§ Exercise goal:
All of the records below are to be output exactly; no image belongs in the result.

§ Data extracted from a collection:
*** Begin section ***
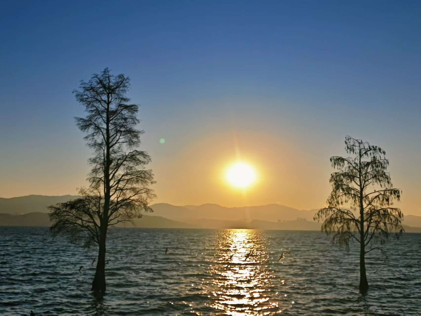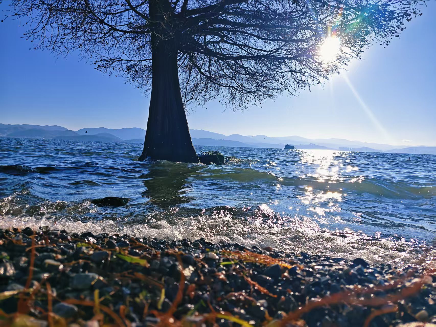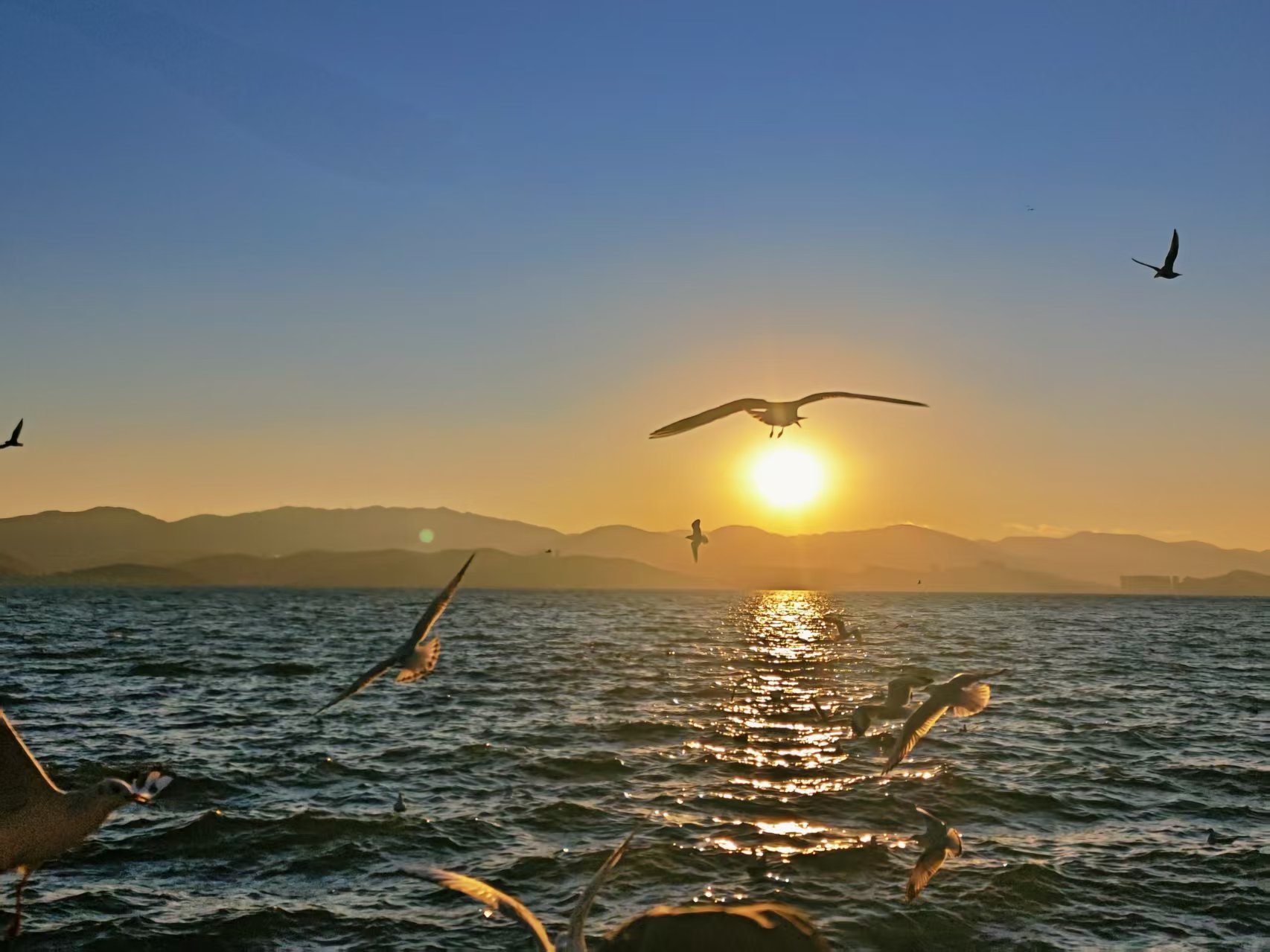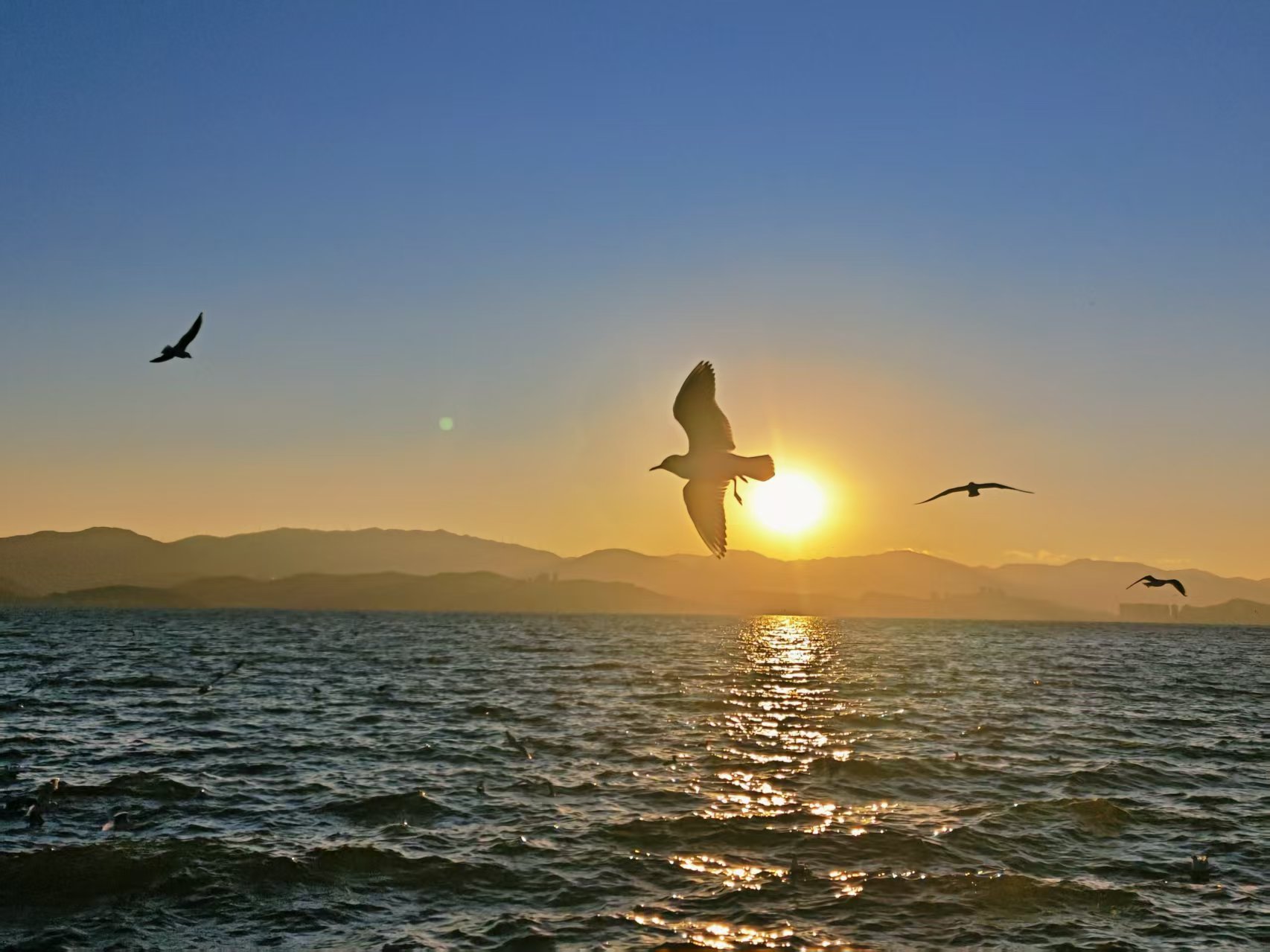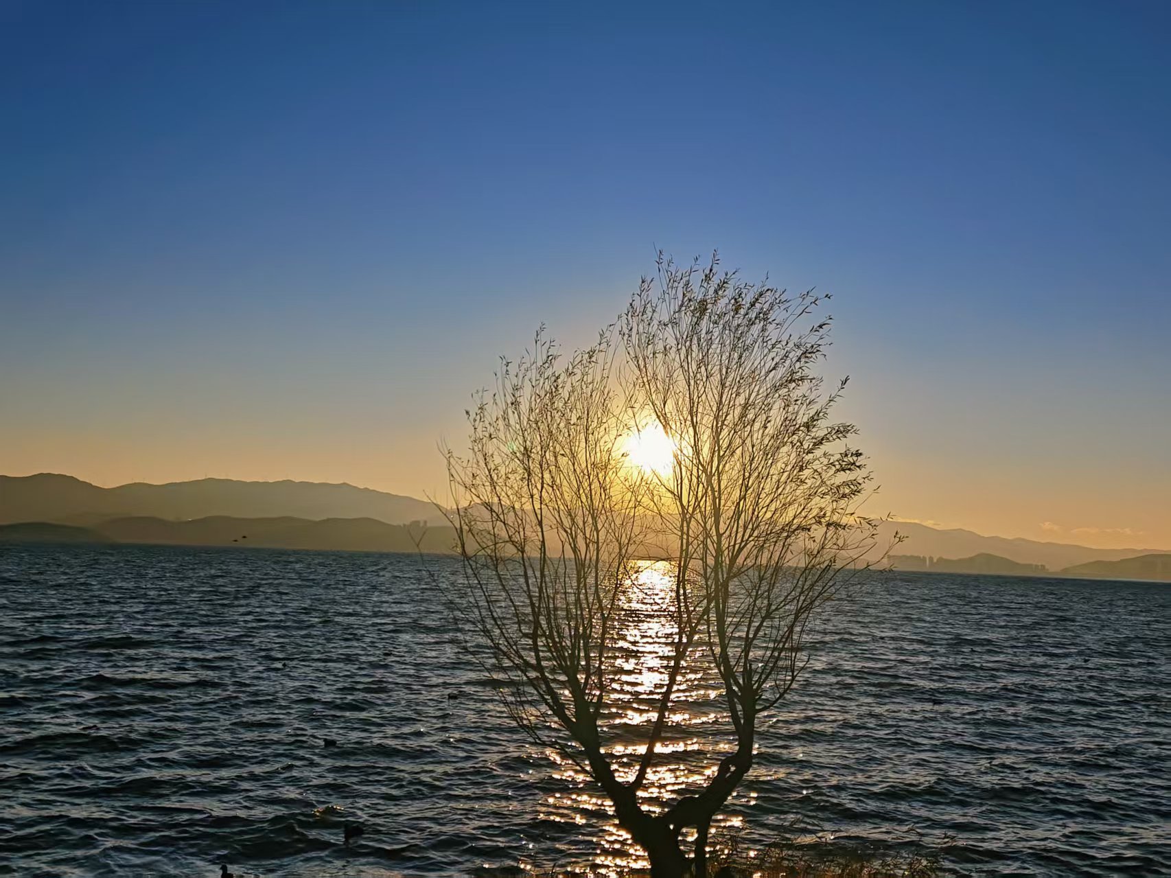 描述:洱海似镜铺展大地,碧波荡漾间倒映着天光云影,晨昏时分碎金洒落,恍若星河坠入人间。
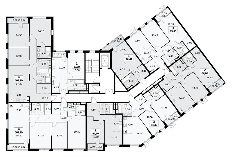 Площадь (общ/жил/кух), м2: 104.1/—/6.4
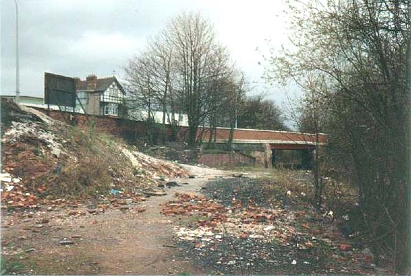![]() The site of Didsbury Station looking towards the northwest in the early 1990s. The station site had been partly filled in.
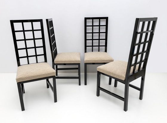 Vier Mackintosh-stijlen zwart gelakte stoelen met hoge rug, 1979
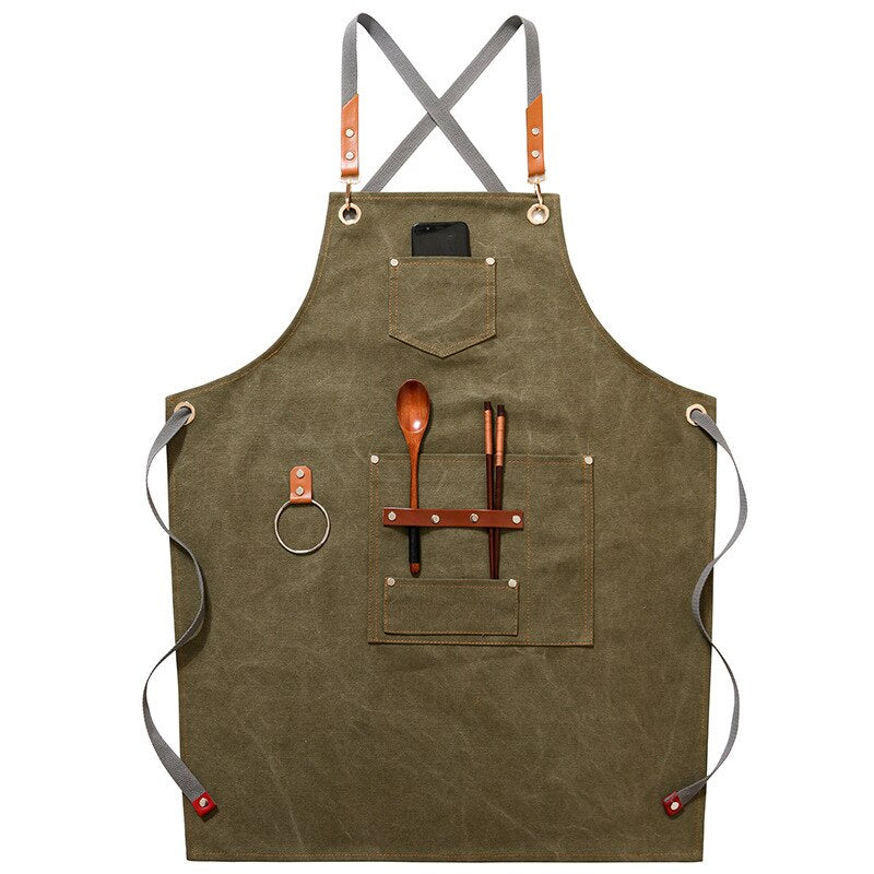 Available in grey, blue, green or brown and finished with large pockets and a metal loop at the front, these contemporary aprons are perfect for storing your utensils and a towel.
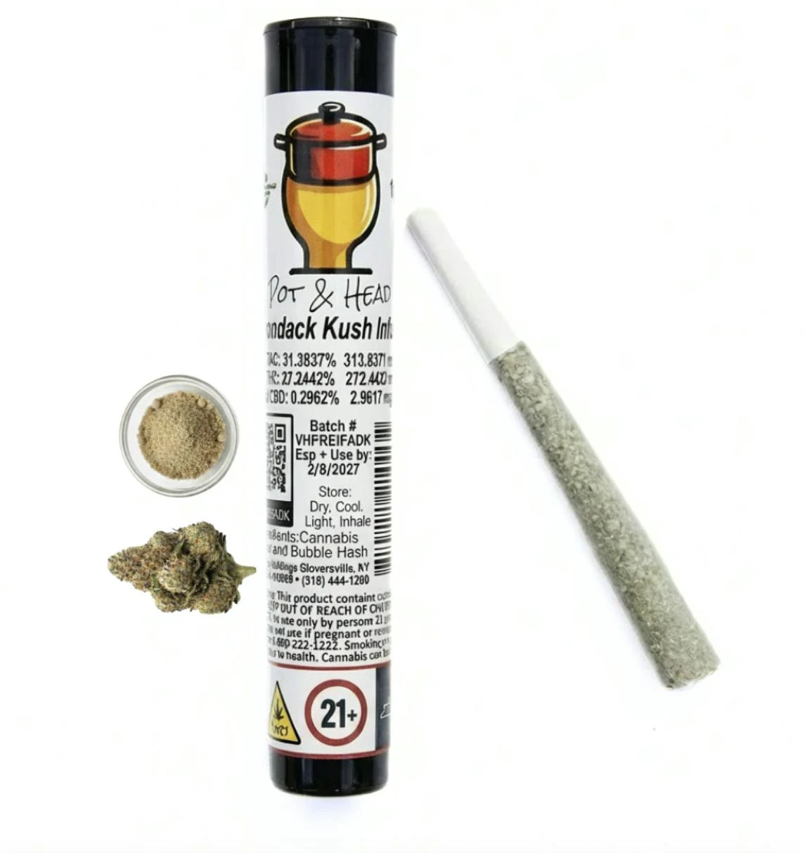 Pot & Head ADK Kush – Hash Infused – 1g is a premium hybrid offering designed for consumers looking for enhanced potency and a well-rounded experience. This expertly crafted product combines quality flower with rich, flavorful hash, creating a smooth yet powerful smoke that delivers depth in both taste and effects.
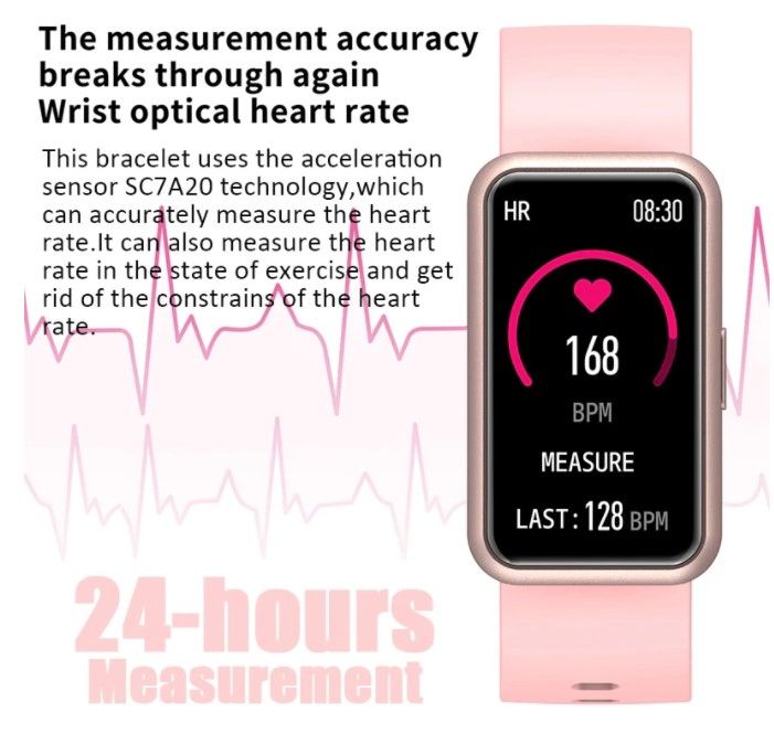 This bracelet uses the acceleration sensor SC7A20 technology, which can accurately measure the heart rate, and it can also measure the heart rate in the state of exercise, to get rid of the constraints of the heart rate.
*** End section ***
§ Result:
 描述:洱海似镜铺展大地,碧波荡漾间倒映着天光云影,晨昏时分碎金洒落,恍若星河坠入人间。
 Площадь (общ/жил/кух), м2: 104.1/—/6.4
![]() The site of Didsbury Station looking towards the northwest in the early 1990s. The station site had been partly filled in.
 Vier Mackintosh-stijlen zwart gelakte stoelen met hoge rug, 1979
 Available in grey, blue, green or brown and finished with large pockets and a metal loop at the front, these contemporary aprons are perfect for storing your utensils and a towel.
 Pot & Head ADK Kush – Hash Infused – 1g is a premium hybrid offering designed for consumers looking for enhanced potency and a well-rounded experience. This expertly crafted product combines quality flower with rich, flavorful hash, creating a smooth yet powerful smoke that delivers depth in both taste and effects.
 This bracelet uses the acceleration sensor SC7A20 technology, which can accurately measure the heart rate, and it can also measure the heart rate in the state of exercise, to get rid of the constraints of the heart rate.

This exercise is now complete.